A darker color came to her cheeks, and she turned smilingly to me.

"Uncle Zeb taught me a jig when I was a wee thing in pinafores. He will never play for me unless I dance for him. You know he thinks I am still a child of eight or ten. If you think it's not—real nice, I won't ask you to stay."

The roguish upcasting of starry eyes, and the deprecating little manner, tied my tongue for the instant.

"I shall be glad to stay, if you will permit me."

This much I managed to utter, and as she bowed assent, I went and leaned against the cabin wall, by the side of Uncle Zeb. This was done partly to give her all the room she needed, and partly to secure a support for myself, for a strange weakness had begun to assail my limbs.

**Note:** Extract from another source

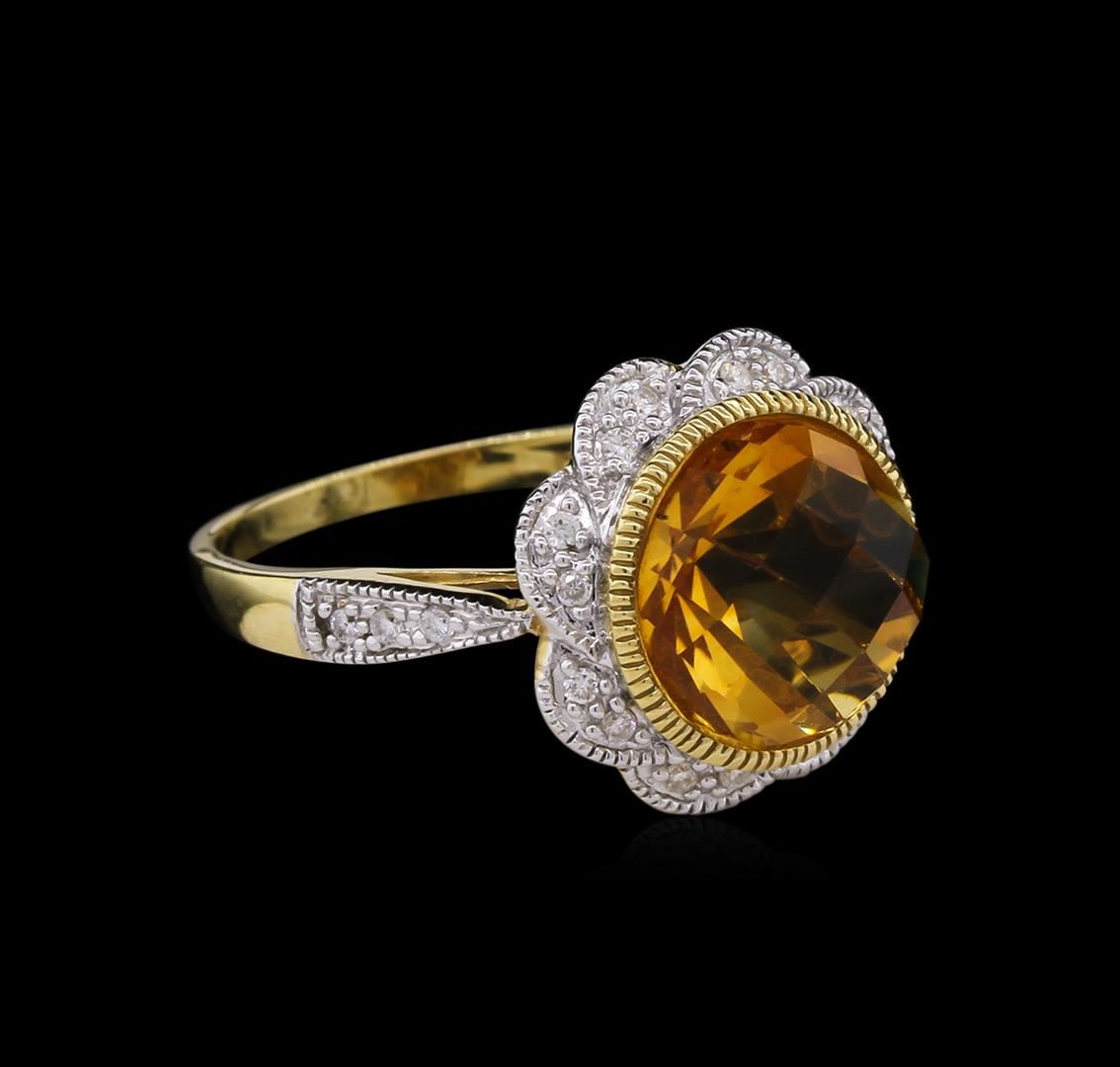 One ring featuring: 14KT yellow gold weighing 4.50 grams containing one citrine center stone with a total weight of 4.56ct and diamonds with a total weight of 0.15ct.

There was an eager, anticipative move on the part of the negroes. They nudged each other, and whispered, grinned broadly, and shifted their positions to where they could obtain an unobstructed view. Salome stood bareheaded, with arms akimbo, waiting for the music. The travelling suit had been discarded, and she was dressed in a simple blue dimity frock which showed the perfect curves of her figure to charming advantage. Uncle Zeb, with characteristic leisure, was in no hurry to begin. He twisted the screws and thrummed the strings in a very wise manner. At length the instrument was tuned to his satisfaction, and then his claw-like fingers began to move with astonishing rapidity. I looked at Salome. She was standing perfectly still. Then, as the music quickened, I saw her supple body begin to sway, like a lily's stem when a zephyr breathes upon it. Her hands dropped to her sides, and daintily lifting her gown above her feet, she began to dance. Gently at first, and with such ease that she barely moved. Then the step receded, advanced, and grew faster. Her tiny feet twinkled, and tapped the earth in perfect time and rhythm. Such living grace I had never looked upon! The bending form, the flushed face, and the dancing feet, the grouped negroes and the old musician,—the picture was burned into my memory like painting is burned upon china in a kiln. My breath came quicker, and my face grew hot. I scarcely knew when she stopped, but for the wild cheers of the spectators. Then, flushed and laughing, she came and cast herself upon the bench by Uncle Zeb.

"Yo' do it better eb'ry time, chile!" declared the old fellow, highly delighted that she had danced to his playing.

"And you gave it better than ever before! Did I shock you, Mr. Stone?" She turned to me with a look of deep contrition.

I sat down beside her, and spoke my mind.

"I never saw anything like it. But don't fear that you shocked me. I wish that I could see the same thing every evening."